• Data segment:
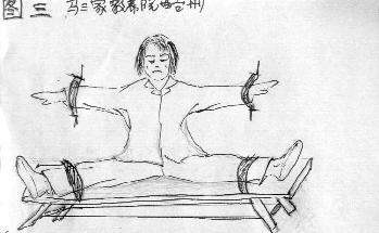 Phương pháp 3: Trói các đệ tử theo chữ “土” (chữ thổ): Phương pháp này, hai tay của các đệ tử bị trói vào tường và hai chân bị trói dọc theo cái ghế để thành chữ “土” (chữ thổ). Phương pháp này gây nên đau đớn toàn thân và tâm của người đệ tử.
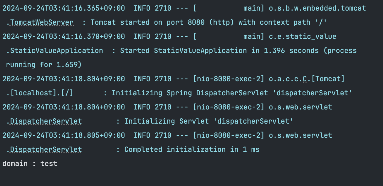 GET /test를 호출한 결과 domain 필드에 값을 주입받지 못하고 null이 저장된 것을 확인할 수 있다.
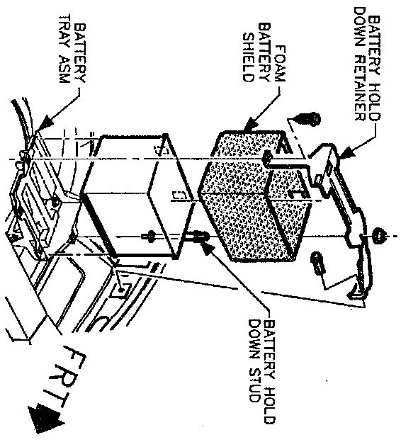17. Install the battery hold-down retainer, locking the battery into the tray. Install and tighten the hold-down retainer nut and screw.

• Your task: Please transcribe each line above exactly, but leave the images out.

• Written response:
 Phương pháp 3: Trói các đệ tử theo chữ “土” (chữ thổ): Phương pháp này, hai tay của các đệ tử bị trói vào tường và hai chân bị trói dọc theo cái ghế để thành chữ “土” (chữ thổ). Phương pháp này gây nên đau đớn toàn thân và tâm của người đệ tử.
 GET /test를 호출한 결과 domain 필드에 값을 주입받지 못하고 null이 저장된 것을 확인할 수 있다.
17. Install the battery hold-down retainer, locking the battery into the tray. Install and tighten the hold-down retainer nut and screw.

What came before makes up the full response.